You have to remember that the content guys need few addresses and once they have them they rarely need more, and IPv6 or not is pretty much a binary thing: yes for everyone, no for everyone. It's the opposite for consumer ISPs: they need tons of addresses on an ongoing basis but they can (for instance) give IPv6 to new users while not changing anything for existing users. So once some hurdles such as the limited availability of IPv6-capable CPEs and a plan on how to provision IPv6 are taken the ISPs have a lot of incentive to roll out IPv6 while the content guys can conceivably stay on IPv4 for a long time. The fact that IPv6 client to IPv4 server is an easy problem but the other way around a very hard one also points in this direction.
BTW, how are you guys dealing with path MTU discovery for IPv6? I've seen a few sites that have problems with this, such as www.nist.gov, but you guys seem ok.
The title of this ongoing thread is giving me heart palpitations.
Content access over IPv6 may help "justify" ISPs investing in IPv6, but it in no means is a prerequisite technically.
LSNs are "fine" when deployed in parallel with IPv6 IMHO. There has to be a pathway to "good" networking.
How many of them are you planning on maintaining?
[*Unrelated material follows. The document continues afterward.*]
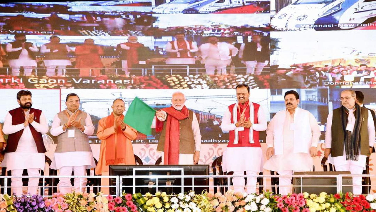 वाराणसी : नरेंद्र मोदी ने सोमवार को अपराह्न 2.15 बजे अपने संसदीय क्षेत्र उत्तर प्रदेश के वाराणसी जंक्शन के(कैंट) से आधुनिक सुविधाओं से सुसज्जित वाराणसी-नयी दिल्ली वंदे भारत एक्सप्रेस ट्रेन को हरी झंडी दिखा कर रवाना किया। गौरतलब है कि तीर्थ नगरी वाराणसी से राष्ट्रीय राजधानी दिल्ली के बीच चलने वाली यह दूसरी वंदे भारत एक्सप्रेस ट्रेन है। इसके साथ ही देश के विभिन्न रेल मार्गों पर चलने वाली वंदेभारत एक्सप्रेस ट्रेनों की संख्या 35 हो हो गयी है।
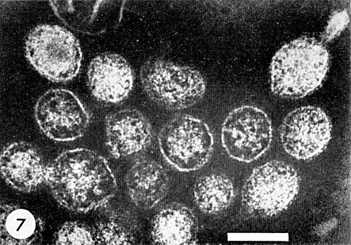 2. Black, Brakke & Vatter (1963). Extract 100 g systemically infected Nicotiana rustica leaves in 200 ml ice-cold 0.1 M potassium phosphate buffer pH 7, containing Na2SO3 (0.01 M). In this high ionic strength buffer, most of the infectivity is sedimented by low speed centrifugation (c. 1700 g for 30 min). Resuspend in 0.01 M Na2SO3 and concentrate by differential centrifugation. Sucrose density gradient centrifugation gives a visible zone with which most of the infectivity is associated. This method does not always give good results because it takes 8-10 hr and the virus is very unstable. Van Kammen, Henstra & Ie (1963) using nearly the same method as Black et al. confirm their experiences. The purified virus is not sufficiently free of cellular contaminants and the virus particles sometimes show a typical tail-like extrusion (Fig. 7).

May I quote you on this after you've been doing so for
a year and received 2 or three lovely FISA subpoenas for your LSN logs?
To Lorenzo's point - I really think the next big hurdle in the transition is getting access numbers to something respectable. World IPv6 Day has only be going for a few hours, but things seem to be going fine, and it's our hope (currently) to keep www.xbox.com available over IPv6 indefinitely. I expect other participants will keep IPv6 enabled for some or all of their respective portfolios.
I agree with Lorenzo to a point, but...
Access will happen in due time by virtue of IPv4 runout. If content is available dual-stack ahead of that,
it dramatically reduces the need for (and load on) LSN. If it is not, then, LSN is going to be a much much
uglier situation to an extent that it might even have a catch-22 effect on IPv6 deployment in the
eyeball networks.
This leads me to worry that in 6-18 months we'll be in a position where a lot of major content has permanently transitioned, and we're still at <1% access range. That will be awkward.
Not really.
I'm not an ISP - but I absolutely expect that IPv6 roll-outs have long time-horizons and are fairly complex. So I hope folks are looking at IPv6 NOW, and not simply waiting for Google/Bing/Yahoo/Interwebz to enable permanent content access and organizational justification.
I don't think any of them are really waiting for that. However, I do think getting to that point is actually more
critical at this juncture than getting the eyeball networks fully deployed.
As long % IPv6 content > % IPv6 eyeballs, I think the eyeball counts will
naturally go up over time. As we're seeing today, content providers can add
IPv6 access to a greater percentage of their content in a few months than
what ISPs can do with a percentage of their customer base.